#### [PROBLEM]
When writing out the listing below, reproduce every word exactly and skip the pictures.

#### [THE DATA]

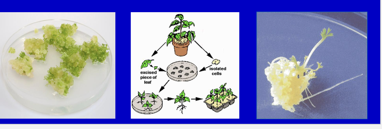 —> callus can then be transferred to other agar plate with another mix and proportions of plant hormones initiating the germination and differentiation of the callus to a plant.
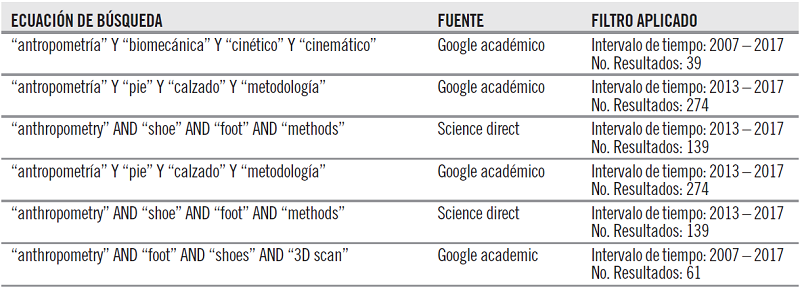 ABSTRACT: The increasing production of footwear and competitiveness has led the colombian businessmen to manufacture shoes with added value. To achieve this, the concepts of ergonomics and comfort play a significant role. To this effect, it is necessary to know the foot dimensions of the target audiences to design the lasts, sole pads and soles that fit correctly. Anthropometry defines these dimensions and the associated technology is useful to manufacture shoes. Nevertheless, colombian manufacturers use the dimensions provided by american and european standards. It calls for an evaluation of the state of the characterization process of the foot globally and locally, and the Disponible in technologies to perform it. The literature review was performed through exhaustive search in academic databases, where keywords and search formulas were identified. The information was classified according to the publication date, the methodology used in each work, the scientific rigor and the depth of the analysis. The review led to identify that the sole pressure analysis complement the anthropometric studies in the footwear development, 3D technology is currently the most used technology for anthropometric studies and that in Colombia, as in most latinamerican countries, the antropometric studies are few and outdated.
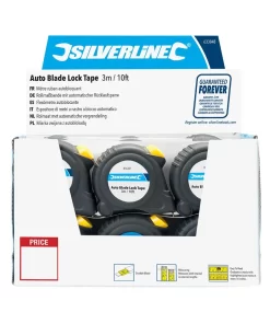 Scratch-resistant, nylon-coated blade. Clear metric and imperial graduations with highlighted joist marks every 16″. Automatic lock when extended, retraction button, triple-riveted end hook and belt clip. Measures internal and external lengths.
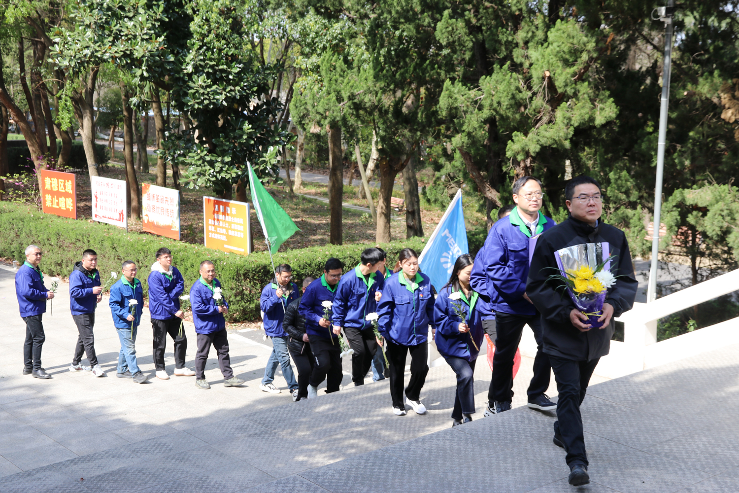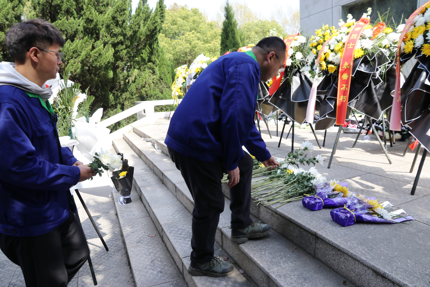 蒼松翠柏掩映下的烈士陵園莊嚴(yán)肅穆,革命英雄紀(jì)念碑巍然矗立。全體黨員整齊列隊(duì),面向革命烈士紀(jì)念碑肅立默哀,向?yàn)槊褡濯?dú)立、人民解放和國(guó)家富強(qiáng)英勇獻(xiàn)身的革命先烈致以崇高敬意。默哀結(jié)束,全體成員依次走向紀(jì)念碑,獻(xiàn)上手中鮮花,列隊(duì)繞行、瞻仰紀(jì)念碑,向長(zhǎng)眠于此的革命先烈致以最深切的緬懷與敬意。

#### [SOLUTION FOR THIS EXERCISE]
 —> callus can then be transferred to other agar plate with another mix and proportions of plant hormones initiating the germination and differentiation of the callus to a plant.
 ABSTRACT: The increasing production of footwear and competitiveness has led the colombian businessmen to manufacture shoes with added value. To achieve this, the concepts of ergonomics and comfort play a significant role. To this effect, it is necessary to know the foot dimensions of the target audiences to design the lasts, sole pads and soles that fit correctly. Anthropometry defines these dimensions and the associated technology is useful to manufacture shoes. Nevertheless, colombian manufacturers use the dimensions provided by american and european standards. It calls for an evaluation of the state of the characterization process of the foot globally and locally, and the Disponible in technologies to perform it. The literature review was performed through exhaustive search in academic databases, where keywords and search formulas were identified. The information was classified according to the publication date, the methodology used in each work, the scientific rigor and the depth of the analysis. The review led to identify that the sole pressure analysis complement the anthropometric studies in the footwear development, 3D technology is currently the most used technology for anthropometric studies and that in Colombia, as in most latinamerican countries, the antropometric studies are few and outdated.
 Scratch-resistant, nylon-coated blade. Clear metric and imperial graduations with highlighted joist marks every 16″. Automatic lock when extended, retraction button, triple-riveted end hook and belt clip. Measures internal and external lengths.
 蒼松翠柏掩映下的烈士陵園莊嚴(yán)肅穆,革命英雄紀(jì)念碑巍然矗立。全體黨員整齊列隊(duì),面向革命烈士紀(jì)念碑肅立默哀,向?yàn)槊褡濯?dú)立、人民解放和國(guó)家富強(qiáng)英勇獻(xiàn)身的革命先烈致以崇高敬意。默哀結(jié)束,全體成員依次走向紀(jì)念碑,獻(xiàn)上手中鮮花,列隊(duì)繞行、瞻仰紀(jì)念碑,向長(zhǎng)眠于此的革命先烈致以最深切的緬懷與敬意。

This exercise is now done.